--- START ---

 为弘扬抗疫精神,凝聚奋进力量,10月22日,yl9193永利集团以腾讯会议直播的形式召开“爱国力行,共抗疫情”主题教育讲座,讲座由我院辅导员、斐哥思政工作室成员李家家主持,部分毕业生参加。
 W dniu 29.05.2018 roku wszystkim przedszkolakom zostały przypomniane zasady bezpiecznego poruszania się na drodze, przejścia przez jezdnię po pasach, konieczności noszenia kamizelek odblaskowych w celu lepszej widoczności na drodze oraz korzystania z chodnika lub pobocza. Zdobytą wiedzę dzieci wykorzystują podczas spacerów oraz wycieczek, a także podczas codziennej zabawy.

--- END ---
--- START ---

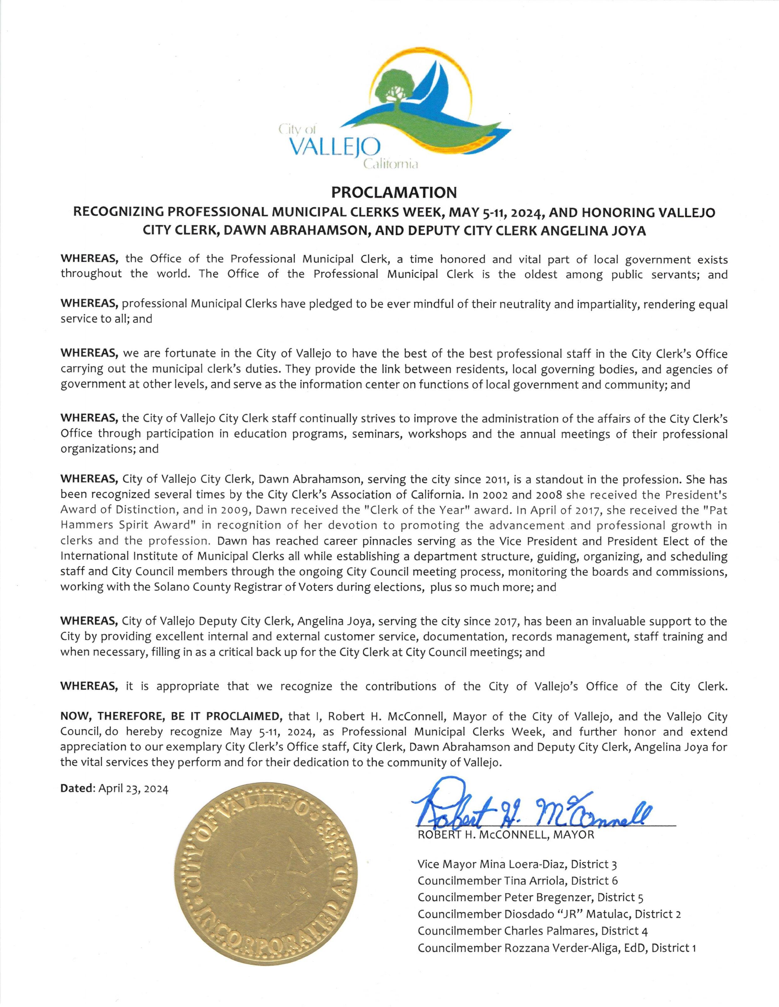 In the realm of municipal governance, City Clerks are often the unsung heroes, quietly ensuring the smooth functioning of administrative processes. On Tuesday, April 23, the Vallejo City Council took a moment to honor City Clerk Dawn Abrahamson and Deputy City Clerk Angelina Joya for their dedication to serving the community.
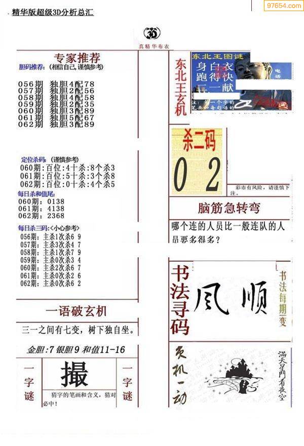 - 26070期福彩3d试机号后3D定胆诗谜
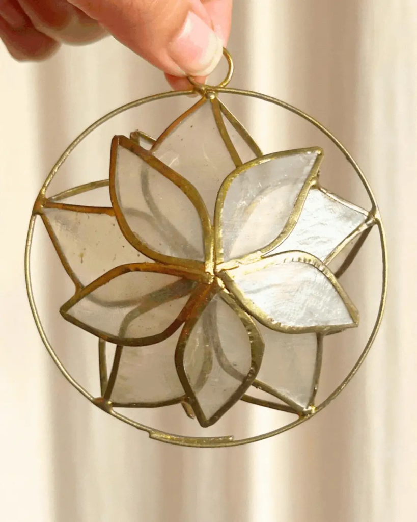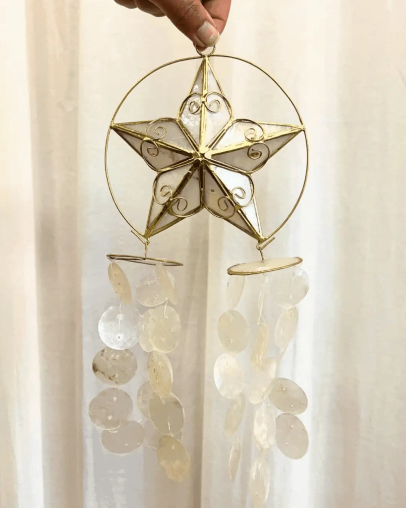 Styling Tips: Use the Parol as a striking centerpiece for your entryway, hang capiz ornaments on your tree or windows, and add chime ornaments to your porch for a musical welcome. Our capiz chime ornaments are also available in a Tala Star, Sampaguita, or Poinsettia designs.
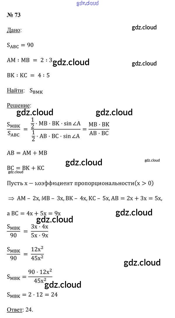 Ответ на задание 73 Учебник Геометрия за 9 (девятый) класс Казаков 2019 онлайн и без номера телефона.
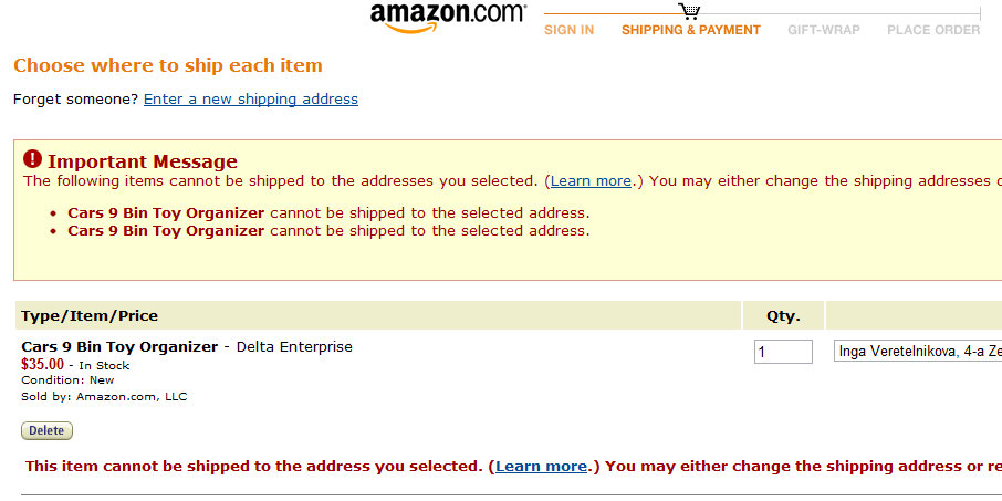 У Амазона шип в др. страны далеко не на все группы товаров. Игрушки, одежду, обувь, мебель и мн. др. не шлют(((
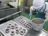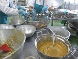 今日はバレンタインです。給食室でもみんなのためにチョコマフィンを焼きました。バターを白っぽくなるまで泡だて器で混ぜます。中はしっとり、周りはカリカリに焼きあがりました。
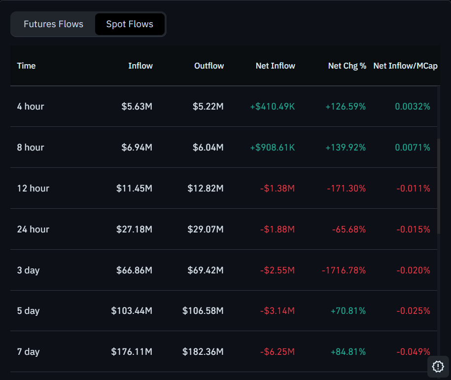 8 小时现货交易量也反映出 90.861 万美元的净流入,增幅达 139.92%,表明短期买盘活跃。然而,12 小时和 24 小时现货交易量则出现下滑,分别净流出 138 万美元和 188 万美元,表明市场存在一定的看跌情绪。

--- END ---
--- START ---

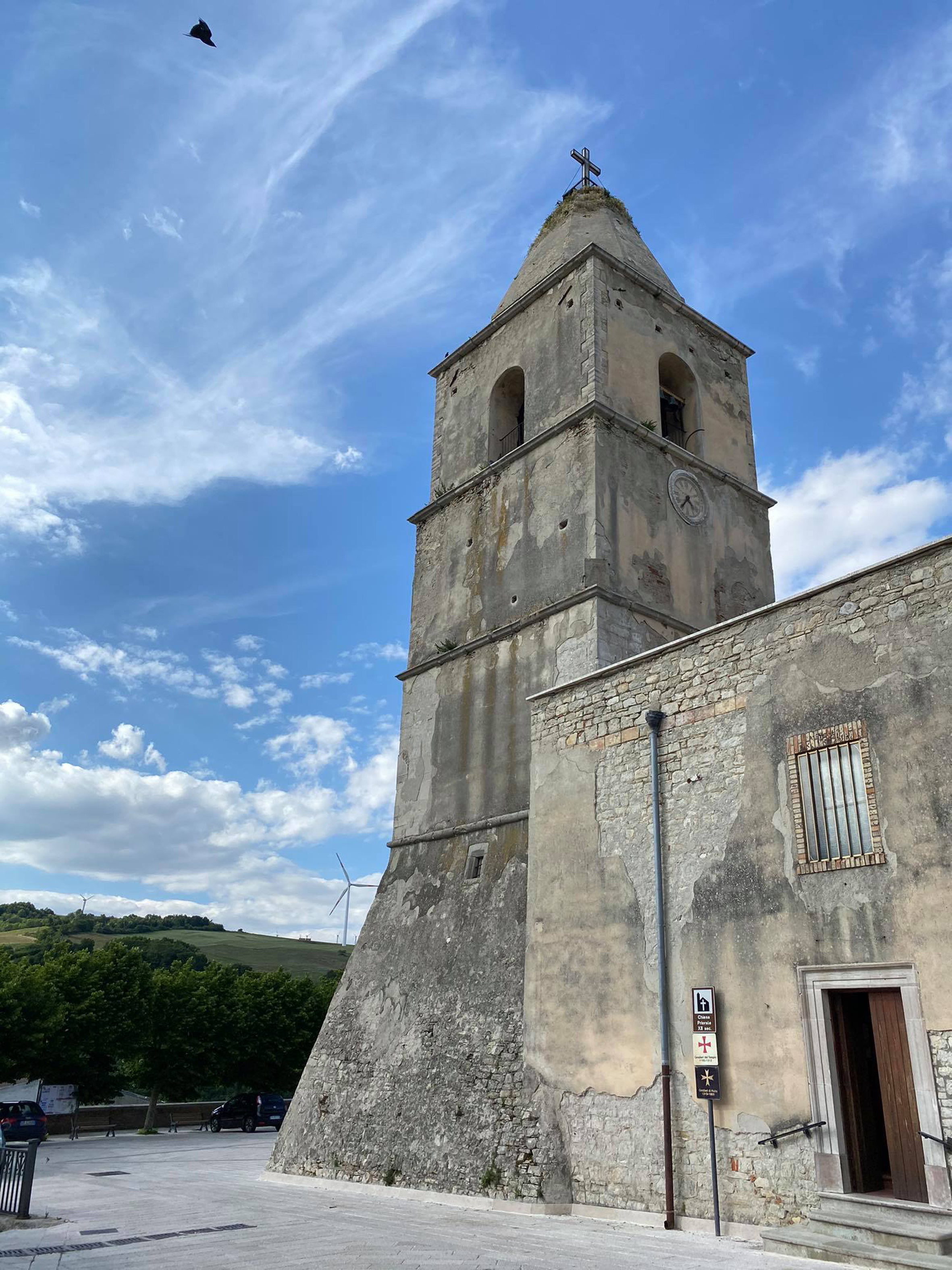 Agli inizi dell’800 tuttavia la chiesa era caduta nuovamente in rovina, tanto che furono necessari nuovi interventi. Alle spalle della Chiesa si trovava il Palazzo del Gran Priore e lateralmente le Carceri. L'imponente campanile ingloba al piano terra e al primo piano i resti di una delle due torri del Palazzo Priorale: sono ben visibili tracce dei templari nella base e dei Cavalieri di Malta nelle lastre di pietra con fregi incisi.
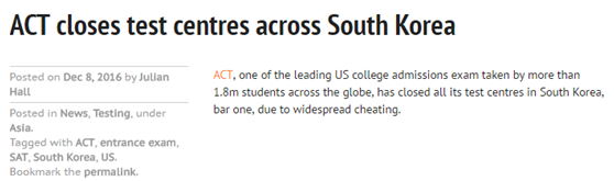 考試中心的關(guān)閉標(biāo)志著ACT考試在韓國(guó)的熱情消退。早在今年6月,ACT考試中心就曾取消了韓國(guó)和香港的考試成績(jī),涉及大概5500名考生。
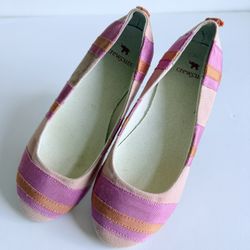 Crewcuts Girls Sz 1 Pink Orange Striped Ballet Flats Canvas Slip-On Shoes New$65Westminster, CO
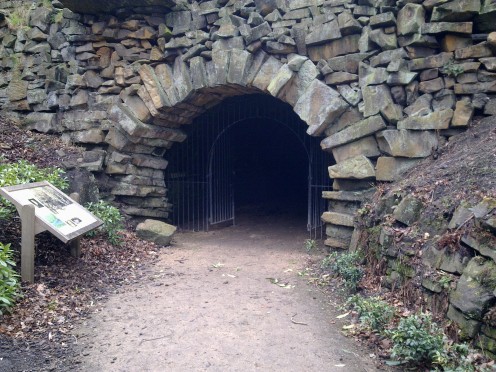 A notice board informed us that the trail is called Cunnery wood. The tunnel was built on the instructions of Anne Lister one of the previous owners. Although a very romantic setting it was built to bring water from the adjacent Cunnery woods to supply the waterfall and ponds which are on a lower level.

--- END ---

» Directions for this task: Copy, exactly and only, the lines above that begin with the one containing "为弘扬抗疫精神,凝聚奋进力量" and finish with the one containing "W dniu 29.05.2018".

» Answer box:
 为弘扬抗疫精神,凝聚奋进力量,10月22日,yl9193永利集团以腾讯会议直播的形式召开“爱国力行,共抗疫情”主题教育讲座,讲座由我院辅导员、斐哥思政工作室成员李家家主持,部分毕业生参加。
 W dniu 29.05.2018 roku wszystkim przedszkolakom zostały przypomniane zasady bezpiecznego poruszania się na drodze, przejścia przez jezdnię po pasach, konieczności noszenia kamizelek odblaskowych w celu lepszej widoczności na drodze oraz korzystania z chodnika lub pobocza. Zdobytą wiedzę dzieci wykorzystują podczas spacerów oraz wycieczek, a także podczas codziennej zabawy.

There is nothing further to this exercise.